Figure 66. An expedition by scientists from IG-EPN to one of the remote monitoring stations at Sangay during 26 January-1 February 2020 was successful in restoring communication to Quito. The remote location and constant volcanic activity makes access and maintenance a challenge. Courtesy of IG-EPN (Martes, 18 Febrero 2020 12:21, EXPEDICIÓN AL VOLCÁN SANGAY).
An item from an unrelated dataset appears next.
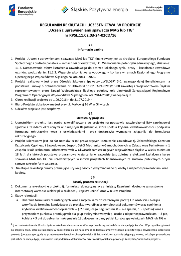 REGULAMIN REKRUTACJI I UCZESTNICTWA W PROJEKCIE „Uczeń z uprawnieniami spawacza MAG lub TIG” nr RPSL.11.02.03-24-02CD/16 §1 Informacje ogólne 1. Projekt „Uczeń z uprawnieniami spawacza MAG lub TIG” finansowany jest ze środków Europejskiego Funduszu Społecznego i budżetu państwa w ramach osi priorytetowej: XI. Wzmocnienie potencjału edukacyjnego, działanie: 11.2. Dostosowanie oferty kształcenia zawodowego do potrzeb lokalnego rynku pracy – kształcenie zawodowe uczniów, poddziałanie: 11.2.3. Wsparcie szkolnictwa zawodowego – konkurs w ramach Regionalnego Programu Operacyjnego Województwa Śląskiego na lata 2014 – 2020. 2. Projekt realizowany jest przez Ośrodek Szkolenia Spawaczy „WELDER” S.C. zwanego dalej Beneficjentem na podstawie umowy o dofinansowanie nr UDA-RPSL.11.02.03-24-02CD/16-00 zawartej z Województwem Śląskim reprezentowanym przez Zarząd Województwa Śląskiego pełniący rolę „Instytucji Zarządzającej Regionalnym Programem Operacyjnym Województwa Śląskiego na lata 2014-2020”,zwanej dalej IZ. 3. Okres realizacji projektu od 1.09.2016 r. do 31.07.2019 r. 4. Biuro Projektu zlokalizowane jest przy ul. Portowej 16 W w Gliwicach. 5. Udział w projekcie jest bezpłatny. §2 Uczestnicy projektu 1. Uczestnikiem projektu jest osoba zakwalifikowana do projektu na podstawie zatwierdzonej listy rankingowej zgodnie z zasadami określonymi w niniejszym Regulaminie, która spełnia kryteria kwalifikowalności i podpisała formularz rekrutacyjny wraz z oświadczeniami oraz dostarczyła wymagane załączniki do formularza rekrutacyjnego. 2. Projekt skierowany jest do 90 uczniów szkół prowadzących kształcenie zawodowe tj. Zabrzańskiego Centrum Kształcenia Ogólnego i Zawodowego, Zespołu Szkół Mechaniczno-Samochodowych w Zabrzu oraz Technikum nr 1 Zespołu Szkół Techniczno–Informatycznych w Gliwicach zamieszkujących województwo śląskie w wieku minimum 18 lat1, dla których podstawa programowa kształcenia w zawodzie jest zbieżna z efektami kształcenia kursu spawania MAG lub TIG nie uczestniczących w innych projektach finansowanych ze środków publicznych o tym samym zakresie form wsparcia. 3. Na etapie rekrutacji punkty premiujące uzyskają osoby dyskryminowane tj. osoby z niepełnosprawnościami oraz kobiety. §3 Zasady procesu rekrutacji 1. Dokumenty rekrutacyjne projektu tj. formularz rekrutacyjny oraz niniejszy Regulamin dostępne są na stronie internetowej www.oss-welder.pl w zakładce „Projekty unijne” oraz w Biurze Projektu. 2. Etapy rekrutacji: a. Zbieranie formularzy rekrutacyjnych wraz z załącznikami dostarczonymi pocztą lub osobiście i bieżąca weryfikacja formalna kandydatów do projektu (weryfikacja kompletności dokumentów oraz spełnienia kryteriów kwalifikowalności opisanych w § 2 niniejszego Regulaminu 0 – nie spełnia, 1 - spełnia) wraz z przyznaniem punktów premiujących dla grup dyskryminowanych tj. osoba z niepełnosprawnościami + 3 pkt, kobieta + 3 pkt do zebrania maksymalnie 18 zgłoszeń na dany pakiet kursów spawalniczych MAG lub TIG w 1 tj. od dnia ukończenia 18 roku życia w roku kalendarzowym, w którym prowadzony jest nabór na daną edycję kursów. W przypadku zgłoszeń do projektu osób, które nie ukończyły w dniu zgłoszenia lub na moment podpisania umowy wsparcia projektowego i oświadczenia uczestnika projektu (dotyczącego zgody na przetwarzanie danych osobowych) wieku 18 lat, a wiek ten zostanie osiągnięty w roku, w którym prowadzony jest nabór na daną edycje, warunkiem jest podpisanie dokumentów przez rodzica/opiekuna prawnego kandydata/ uczestnika projektu. każdej z 3 rund rekrutacyjnych. Nie spełnienie kryteriów kwalifikowalności uniemożliwia udział w kolejnych etapach rekrutacji. b. Udział w doradztwie edukacyjno-zawodowym max. 36 kandydatów/ek (średnio 18 kandydatów na kursy MAG lub TIG) zakwalifikowanych do etapu II rekrutacji celem oceny przez doradcę zawodowego oraz doradcę –specjalistę w zawodzie spawacza predyspozycji ucznia do wykonywania zawodu, cech psychofizycznych pod kątem przydatności kursu w kontekście planów edukacyjno-zawodowych ucznia, oceny kompetencji kluczowych do wykonywania zawodu spawacza, komplementarności z zawodem będącym przedmiotem kształcenia w szkole, mobilizacji do podjęcia kursu zgodnie z punktacją od 0 do 5 pkt przyznawanych przez każdego z doradców. c. Tworzenie list rankingowych i wybór 30 uczestników projektu, którzy uzyskali największą liczbę punktów w całym procesie rekrutacji w rundzie rekrutacyjnej w danym roku naboru. 3. Rekrutacja prowadzona będzie w trzech rundach rekrutacyjnych: od 15 września do 23 października w każdym roku: 2016, 2017 i 2018 lub do zebrania max. 18 zgłoszeń na każdy z pakietów kursów MAG lub TIG w danym roku, które przejdą pozytywnie ocenę formalną. 4. Doradca zawodowy oraz doradca - specjalista w zawodzie na podstawie Karty Oceny Kandydata dokona ostatecznego wyboru 30 uczestników projektu z największą liczbą punktów uzyskanych na etapie rekrutacji spośród max. 36 kandydatów do projektu w danej rundzie rekrutacyjnej. 5. Wyłonionych 30 kandydatów do projektu przejdzie obowiązkowe badania lekarskie. 6. Do projektu zakwalifikowanych zostanie łącznie 30 uczniów z największą liczbą punktów i pozytywnym wynikiem badań lekarskich. 7. W przypadku takiej samej ilości punktów kryterium decydującym będzie kolejność zgłoszenia do projektu. 8. Osoby niezakwalifikowane do projektu zostaną umieszczone na liście rezerwowej w kolejności uzyskanych punktów na etapie rekrutacji począwszy od osoby, która uzyskała najwięcej punktów. 9. Kwalifikowalność uczestnika do projektu jest potwierdzana bezpośrednio przed udzieleniem pierwszej formy wsparcia w ramach projektu tj. przed przystąpieniem do kursu spawalniczego na podstawie oświadczenia o potwierdzeniu spełnienia kryteriów kwalifikowalności wskazanych w Formularzu Rekru

During February 2020, multiple daily VAAC reports of ash emissions continued (figure 67). Plumes generally rose 500-1,100 m above the summit and drifted W, although on 26 February emissions were reported to 1,770 m. Ashfall was reported in Macas (40 km SE) on 1 February, and in the communities of Pistishi (65 km SW), Chunchi (70 km SW), Pumallacta (60 k. SW), Alausí (60 km SW), Guamote (40 km WNW) and adjacent areas of the Chimborazo province on 5 February. The Ecuadorian Red Cross reported ash from Sangay in the provinces of Cañar and Azuay (60-100 km SW) on 25 February. Cebadas and Guamote reported moderate ashfall the following day. The communities of Cacha (50 km NW) and Punín (45 km NW) reported trace amounts of ashfall on 29 February. Incandescent blocks were seen on the SE flank multiples times throughout the month. A pyroclastic flow was recorded on the SE flank early on 6 February; additional pyroclastic flows were observed later that day on the SW flank. On 23 February a seismic station on the flank recorded a high-frequency signal typical of lahars.

Figure 67. Steam and ash could be seen drifting SW from the summit of Sangay on 11 February 2020 even though the summit was hidden by a large cap cloud. Ash was also visible in the ravine on the SE flank. Courtesy of Sentinel Hub Playground, natural color (bands 4, 3, 2) rendering.

A significant ash emission on 1 March 2020 was reported about 2 km above the summit, drifting SW. Multiple ash emissions continued daily during the month, generally rising 570-1,170 m high. An emission on 12 March also rose 2 km above the summit. Trace ashfall was reported in Cebadas (35 km WNW) on 12 March. The community of Huamboya, located 40 km ENE of Sangay in the province of Morona-Santiago reported ashfall on 17 March. On 19 and 21 March ashfall was seen on the surface of cars in Macas to the SE. (figure 68). Ash was also reported on the 21st in de Santa María De Tunants (Sinaí) located E of Sangay. Ash fell again in Macas on 23 March and was also reported in General Proaño (40 km SE). The wind changed direction the next day and caused ashfall on 24 March to the SW in Cuenca and Azogues (100 km SW).

Figure 68. Ashfall from Sangay was reported on cars in Huamboya on 17 March 2020 (left) and in Macas on 19 March (right). Courtesy IG-EPN, (#IGAlInstante Informativo VOLCÁN SANGAY No. 024, MARTES, 17 MARZO 2020 and #IGAlInstante Informativo VOLCÁN SANGAY No. 025, JUEVES, 19 MARZO 2020).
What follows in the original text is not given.